Exercise goal: Your copy should start at the line with "Raie eyewear Jacquie" and end at the line with "商品名称:(世星阳光) 楼兰蜜语每日红枣礼盒1000g 新疆特产" in the data below. Transcribe only those lines, exactly, pictures excluded.

Provided information:
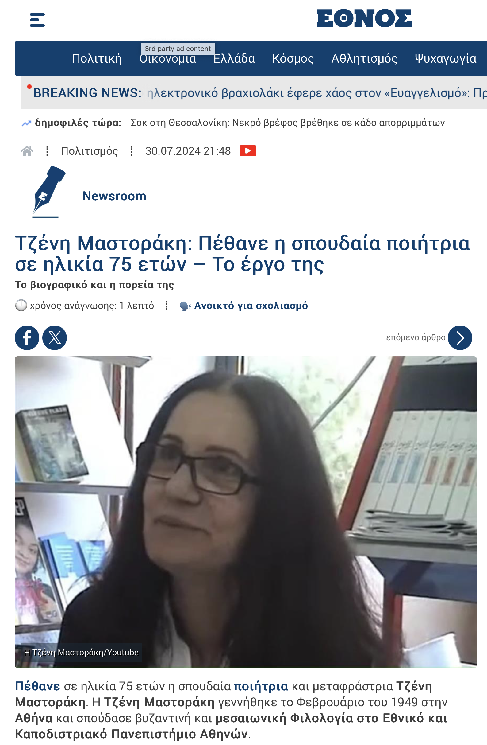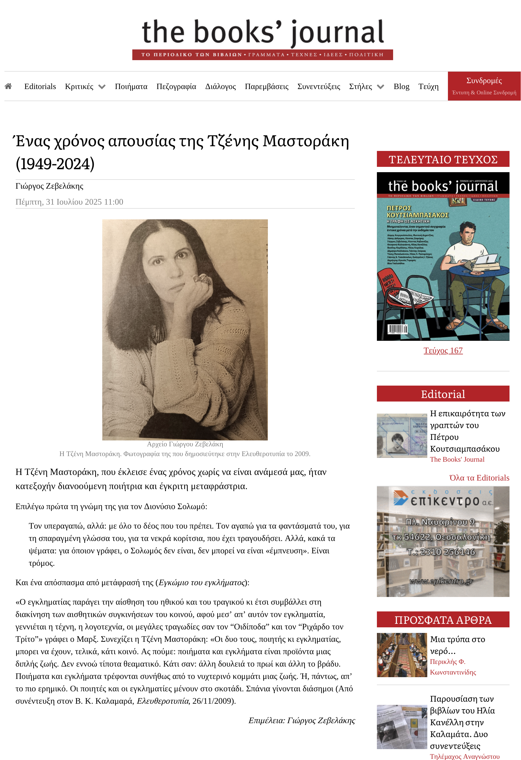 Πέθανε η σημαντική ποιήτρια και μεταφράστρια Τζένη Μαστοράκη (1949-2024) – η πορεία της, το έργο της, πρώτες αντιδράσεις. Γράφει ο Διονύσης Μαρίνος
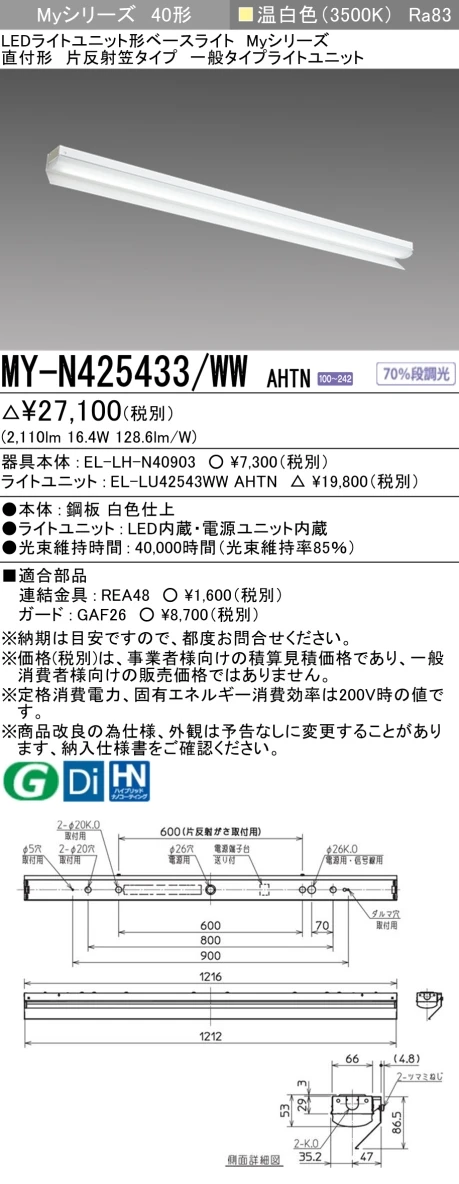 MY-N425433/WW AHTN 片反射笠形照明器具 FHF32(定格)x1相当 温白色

--

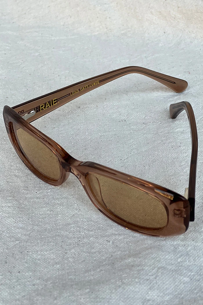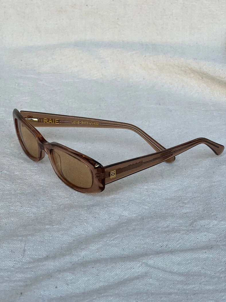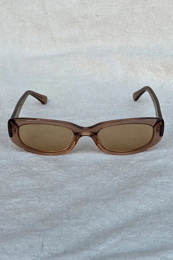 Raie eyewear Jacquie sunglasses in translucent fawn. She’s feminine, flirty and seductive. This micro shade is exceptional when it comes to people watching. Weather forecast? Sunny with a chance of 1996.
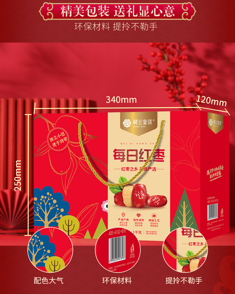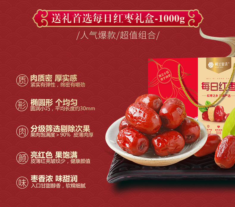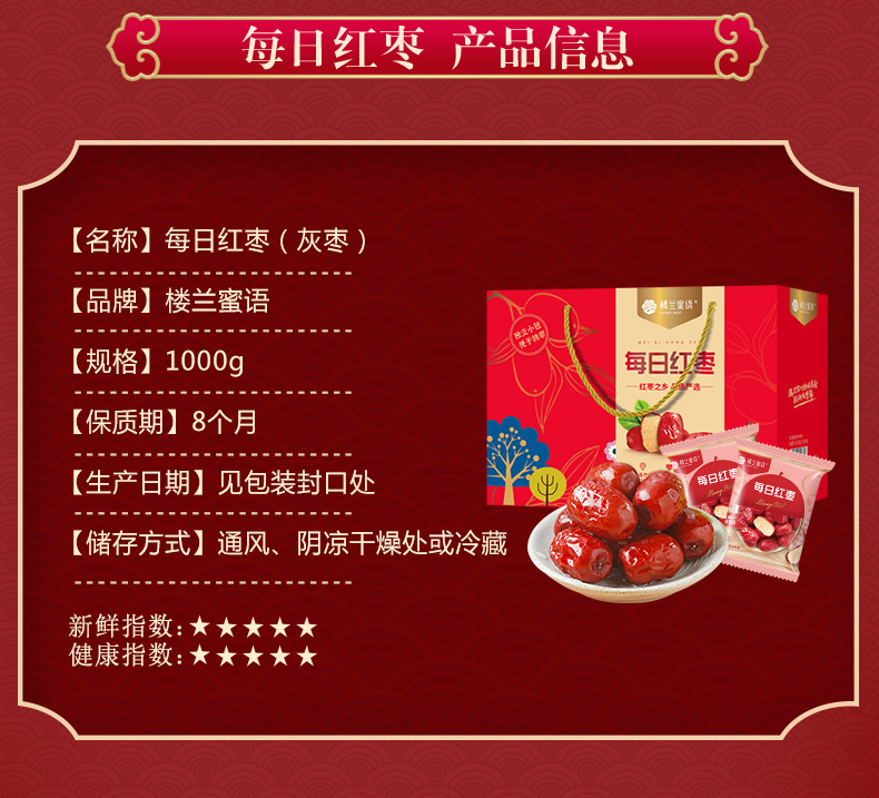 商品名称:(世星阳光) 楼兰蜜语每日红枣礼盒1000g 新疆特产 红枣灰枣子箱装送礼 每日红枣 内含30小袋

Answer box:
 Raie eyewear Jacquie sunglasses in translucent fawn. She’s feminine, flirty and seductive. This micro shade is exceptional when it comes to people watching. Weather forecast? Sunny with a chance of 1996.
 商品名称:(世星阳光) 楼兰蜜语每日红枣礼盒1000g 新疆特产 红枣灰枣子箱装送礼 每日红枣 内含30小袋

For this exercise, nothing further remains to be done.